Thorazine

Drugs and Medication

Psychotropic medications have their positive and negative aspects; nevertheless, I believe that each generation of psychotropic meds improves.

In the seventies, Ruby took Melarill and to this day, I am not sure how much it helped her. She still remained in bed all day laughing, crying and chain smoking. Maybe it left her without energy as she did not roam the streets like the other mentally ill folks in the neighborhood. She was our embarrassment kept behind closed doors. Over time, the medications she was prescribed changed but each one of course has its side effects that can affect the individual physically and/or mentally.

Prescribing psychotropics can be a tricky business as it affects individuals differently especially if you are prescribed more than one medication. Sometimes the mix is beneficial-i.e. decreases their symptoms and allows the consumer (patient) to function “better” even to the point of being able to fully participate in life. Other times, the consumer can have a bad reaction to the medication and/or the combination of medications prescribed. Sometimes, the consumer can end up in emergency and even to a psychiatric ward if the reaction is bad enough. This is why many consumers do not like to take their medications.

The other half of that is that sometimes the medications work so well that the consumer misleads themselves into believing that they do not need to take the medication anymore and stop. This of course can result in the consumer being hospitalized and is one of the main reasons behind repeated admittance into the psych ward. Then, there are those who self-medicate via alcohol abuse and illegal street drugs to alleviate their symptoms.

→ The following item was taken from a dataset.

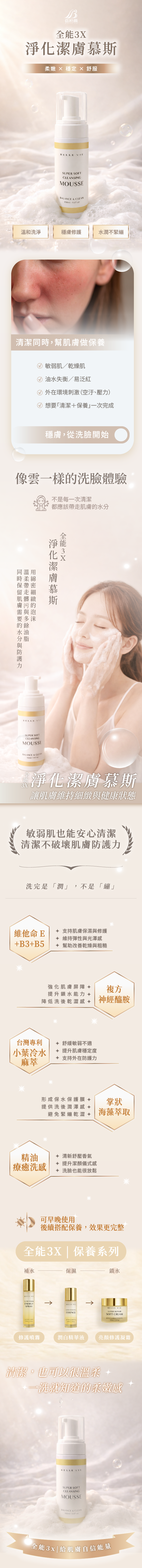 一款結合「溫和清潔 × 修護保濕 × 舒緩穩膚」的高機能潔顏慕斯,適合敏弱肌、乾性肌、油水失衡與日常需要穩定膚況的人使用。

With Ruby, she was very, very thorough in taking her medications from the seventies until about the mid- 1990s. In fact, she kept a daily calendar book and would record the medications and times that she took them which is how it was easier to figure out when she stopped taking her meds. Later, I found out why.

My eldest brother had gotten addicted to crack cocaine. It was one of the worst blights to hit the African American community since the times of lynching and Jim Crow laws. It decimated families in a way that nothing had ever done before. Ruby had decided that her daily meds were an addiction akin to taking crack and stopped. That was the first time that she had been hospitalized during my adult years. The psychiatrist finally convinced my mother that her medications are an essential part of her well-being and like the diabetic who needs insulin, she needed her psychotropic meds. By this time, she was on Thorazine which left its own physiological side effects but that is another post.